The Board Games You Should Play With Your Children

As a parent of a two-year-old I found this profoundly interesting.

Simply put: if you pair reviews of board games with the age those board games are targeted at, there's an interesting correlation. Board games for children literally get better the older your child becomes.

This great article over at FiveThirtyEight explains why in full detail, but I'll give you the gist: as you might expect, board games aimed at older children tend to review better, are more intricate, and just generally are a little more interesting in general. I think there is a parallel to video games here. There are some incredible video games aimed at children (like Metamorphabet for example) but for the most part they tend to be cheaply produced en masse and a little bit low quality. The same seems to go with board games.

Perhaps the best part of this article, however, is this: despite the fact that board games for younger children aren't that great, it provides a number of top notch suggestions for each age. I'm definitely going to be using this to buy games for my own children.

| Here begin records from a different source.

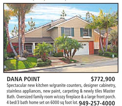 DANA POINT $772,900 Spectacular new kitchen w/granite counters, designer cabinetry, stainless appliances, new paint, carpeting &newly tiles Master Bath.Oversizedfamilyroomw/cozyfireplace&alarge frontporch. 4bed/3 bath homeset on 6000 sq foot lot.949-257-4000
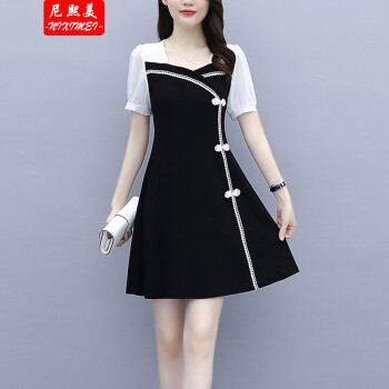 尼熙美 大码女装胖mm2020夏装新款胖妹妹气质宽松显瘦遮肚子小黑裙加肥加大小香风旗袍遮肉连衣裙 黑色 3XL 建议145-160斤 |
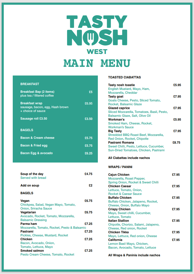 Whether you're in the mood for a leisurely brunch or a quick grab-and-go meal, Tasty Nosh West is your go-to destination in Belfast. With its delectable menu, welcoming staff, and cozy vibe, it’s no surprise that this café has captured the hearts—and appetites—of so many. So gather your friends or take a moment for yourself; either way, Tasty Nosh West promises to deliver a fulfilling and delightful experience that you won’t soon forget.
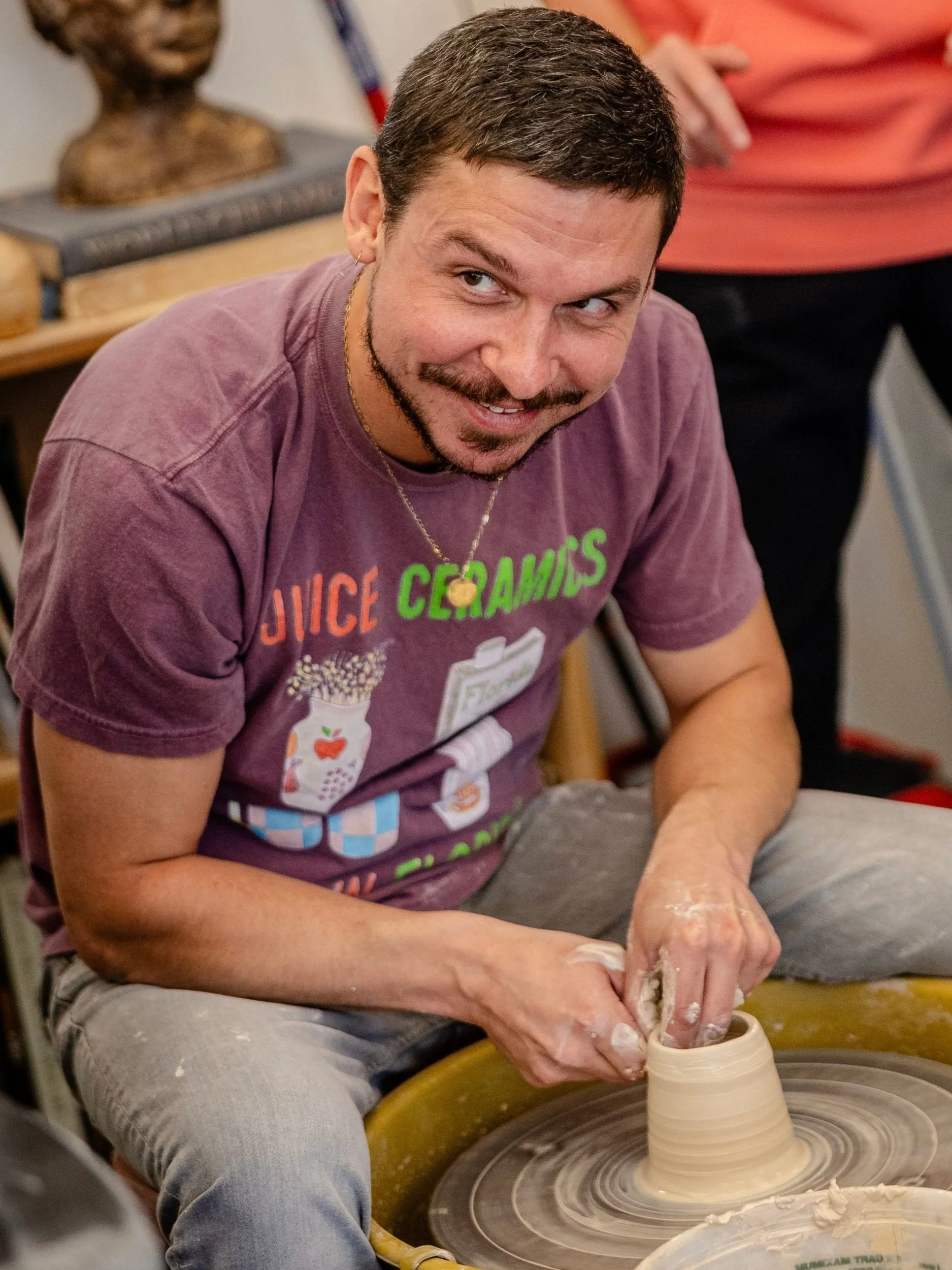 Conor Pickett is a ceramic artist and educator who has been teaching and building community in local studios for the better part of the last 15 years. Through a focus on student voice and choice, Conor’s teaching is founded in playfulness and joy. He is known for his clarity of instruction and pedagogy for beginner wheel throwers.
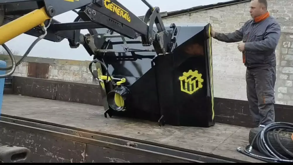 Існує два варіанти компоновки такого ковша: перший це гідравлічний, де затвор відчиняється за допомогою гідроциліндра. Другий варіант – механічний, для відкриття затвора на ньому, потрібно рукою повернути важіль. Перший варіант є зручнішим у використанні, але другий більше економний і не потребує обслуговування гідравліки, тож кожен господар може обрати варіант саме для себе.
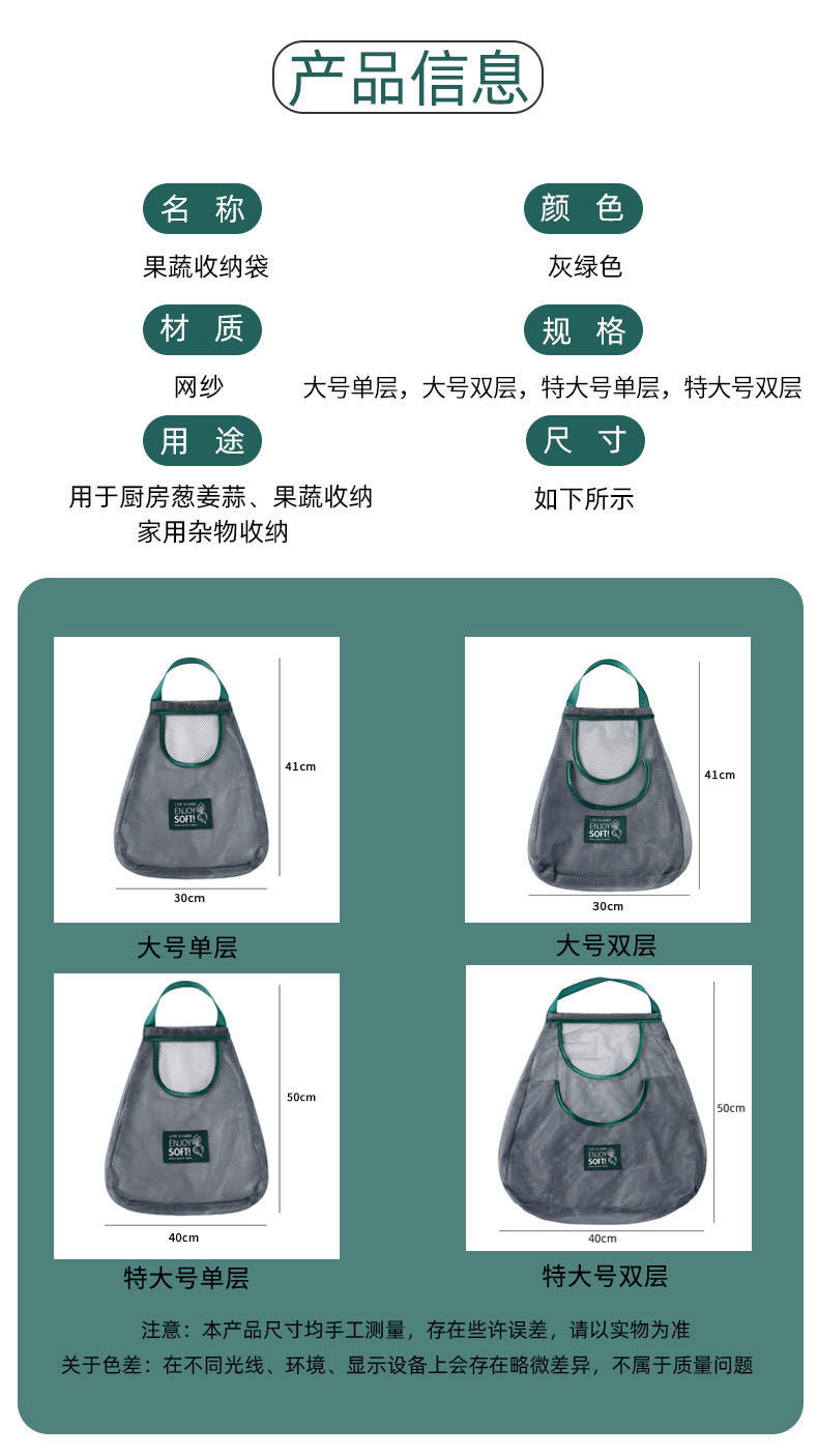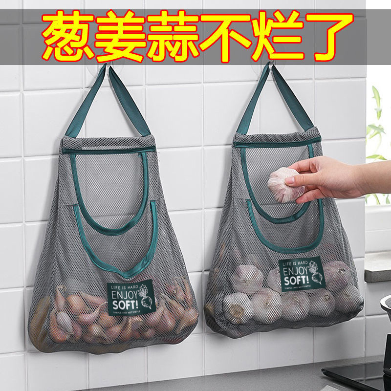 果蔬收纳网袋厨房收纳袋挂袋墙挂式大蒜生姜收纳装蒜网兜储物袋子

Stop Playing Monopoly With Your Kids (And Play These Games Instead) [FiveThirtyEight]


    They forgot Hero Quest, Space Hulk and Axis & Allies. Fun for kids of all ages and temperaments (plus it's really easy to win against them!)

      Sadly I don't think you can buy HeroQuest and Space Hulk any more, can you? Great games, though.

        I think they are out of print although Space Hulk did have another print run not too long ago.

    Snakes and Ladders: might be boring for older kids, and doesn't involve "meaningful action and decision making". (I note that it is a pretty big and probably wrong assumption that all kid's board games require these features for the kid to find the game good). But what it does do well for e.g. a 4 year old:

    1. Teach numbers and counting. My son could count to over 100 (in two languages) and do addition and subtraction before starting kindy, and a lot of that learning came from lots of snakes and ladders and constant die rolling and piece moving. He is bored of it now, but it was great for a good 6 months when he was 4.
    2. Get kids used to losing. My kid was more comfortable losing a game like S&L - and losing repeatedly - because he came to see soon enough that it was just about luck. Pretty hard to learn to gracefully lose when the game involves actual performance.
    3. Allow kids to win without you throwing the game. When a game is performance based, the adult will typically always win. You need a game of pure chance like S&L so that the child can win without you worrying about letting them win. I play chess with my son, and find I need to think about the balance between letting him win so he doesn't get discouraged, vs beating him so he doesn't always expect to win, and learns how to play.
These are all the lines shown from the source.